Par Ashton Glen
Les deux assaillants, décrits comme des adolescents vêtus de tenues de camouflage, ont ouvert le feu devant la plus grande mosquée du comté de San Diego, tuant un agent de sécurité ainsi que deux autres hommes présents à l’extérieur du lieu de culte. Les suspects ont ensuite été retrouvés morts, apparemment après s’être suicidés par balle.
Le chef de la police de San Diego, Scott Wahl, a indiqué que les autorités locales et le FBI traitaient désormais cette attaque comme un possible crime haineux.
Selon les enquêteurs, la mère de l’un des suspects avait alerté la police environ deux heures avant la fusillade. Elle avait signalé que son fils, qu’elle décrivait comme suicidaire, avait quitté le domicile familial avec trois armes à feu et un véhicule lui appartenant.
Les forces de l’ordre avaient alors commencé à rechercher les deux adolescents et renforcé la surveillance autour d’un centre commercial voisin et du lycée fréquenté par le suspect avant de recevoir les premiers appels signalant des tirs à la mosquée.
Les autorités affirment qu’aucune menace précise visant la mosquée ou un autre lieu religieux n’avait été identifiée avant l’attaque.

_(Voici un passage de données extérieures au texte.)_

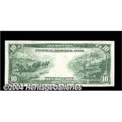 Fr. 915c $10 1914 Federal Reserve Note Superb Gem New. This Philadelphia District example is the most common of the "c"-type Tens. Although it is far from a common note, with only about two dozen examples known in all grades combined. It's an ideal piece to represent this scarce type, as they simply do not come any finer. It's deeply originally embossed, with bright colors, ideal centering and super eye appeal. <BR><BR><B>Important notice:</B> Heritage usually auctions material at the rate of 200-250 lots per hour. On some occasions eBay Live bid software or the Internet may not be able to keep up with the pace of the auction. We recommend placing a realistic absentee bid now as insurance to avoid disappointment. Occasionally the auctioneer may eliminate or reject an eBay Live bid, and the auctioneer may also reopen a lot after the close of the eBay live bidding (usually because we missed an audience bid), and may reject your bid even if it shows you as the winning bidder. By bidding via eBay Live, you agree that Heritage may award the lot to another bidder at its sole discretion under the circumstances described above or any other reasonable circumstances. Since eBay bids are not shown to us until we open the lot on the floor, we treat those bids just like floor bids. In most cases the floor responds before the eBay bid is presented to us, due to Internet lag time, so for consistency we have made it a policy that floor bids are always considered first over tie eBay live bids. Also please note that all Heritage lots purchased through eBay Live carry a 20% Buyer's Premium. Please make sure you read the Terms and Conditions before you bid. <BR><BR><B>IMPORTANT ANNOUNCEMENT ABOUT RESERVES:</B> Heritage now divulges all reserves on its web site 7 days before every auction. If you want to know whether the reserve on this lot has been met, and if not, what the reserve amount is, please visit this lot page on the HeritageCoin.com web site, or email: bid@HeritageGalleries.com
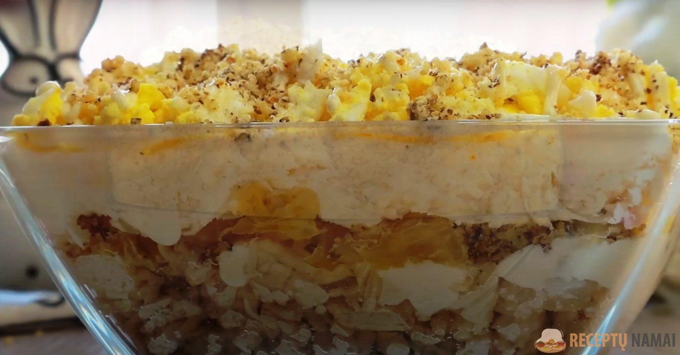 Majonezo tinklelio viršų apibarstykite smulkintais riešutais. Gausite puikias šventines salotas “Madona”.
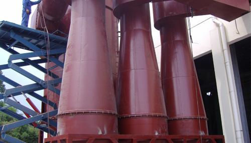 CLK擴散式旋風除塵器,適用于捕集干燥的非纖維性的顆粒狀粉塵,主要特點是筒身呈圓錐形,因而減少了含塵氣體自筒身中心短路到出口去的可能性,并裝有圓錐形的反射屏,防止兩次氣流將已經分離下來的粉塵重新卷起,被上升氣流帶出,因而提高了除塵效率.
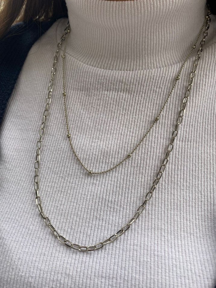 Uzun gri renkli kadın kolyesi, detaylı zincir yapısıyla minimalist ve bohem tarzda, günlük kullanıma uygundur.
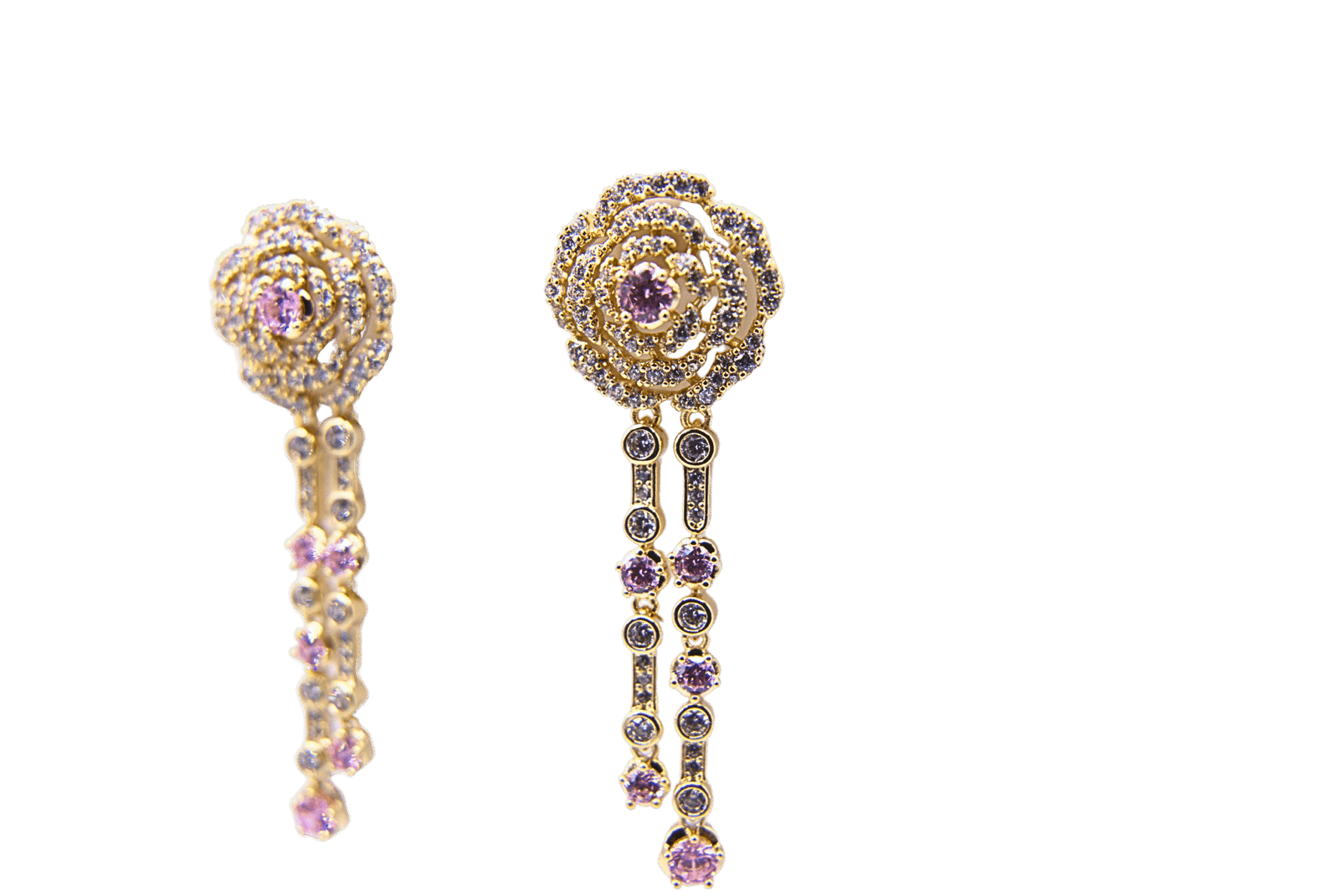 Echte romantische camelia oorbellen. Deze oorbellen bevatten een Camelia bloem versierd met sprankelende gouden en roze kristallen. Deze oorbellen bewegen mee. Deze oorbellen zijn geschikt voor bruiloften, galas of elke chique gelegenheid.
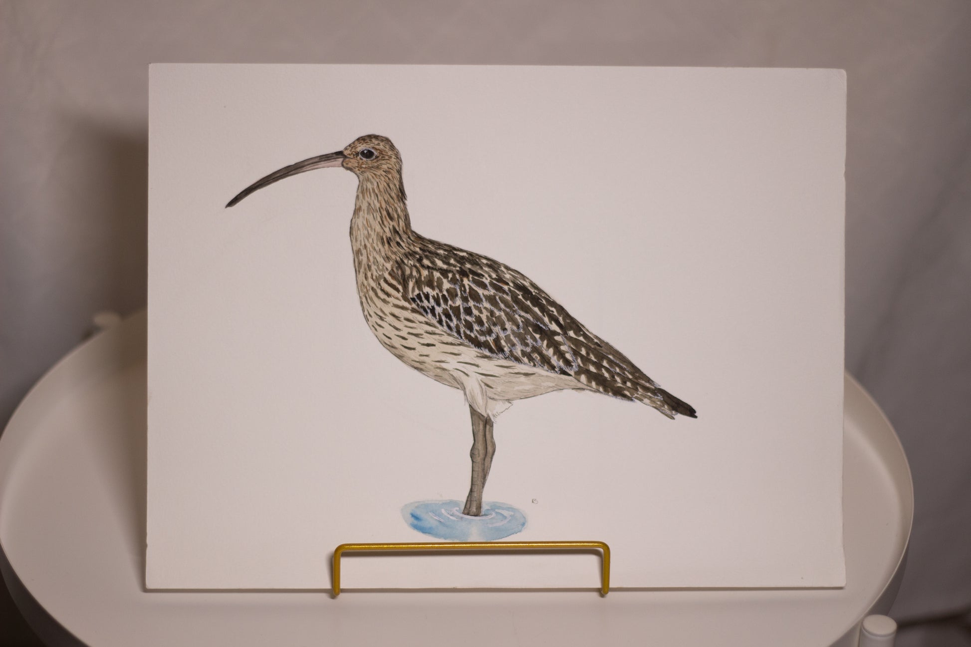Originale Aquarellmalerei eines großen Brachvogels, entstanden für das Wattenmeerposter. Auf hochwertigem Aquarellpapier von Canson Montval gemalt.

La police évoque toutefois un contexte marqué par des discours haineux généralisés.
Tous les enfants présents dans l’école du complexe islamique au moment des faits ont été évacués sains et saufs.
L’attaque intervient à quelques jours de l’Aïd al-Adha, l’une des principales fêtes musulmanes, et du pèlerinage annuel du Hajj à La Mecque, en Arabie saoudite. Les États-Unis ont connu ces dernières années plusieurs attaques visant des lieux de culte, notamment des synagogues, des églises et des mosquées, dans un contexte de montée des violences à caractère haineux.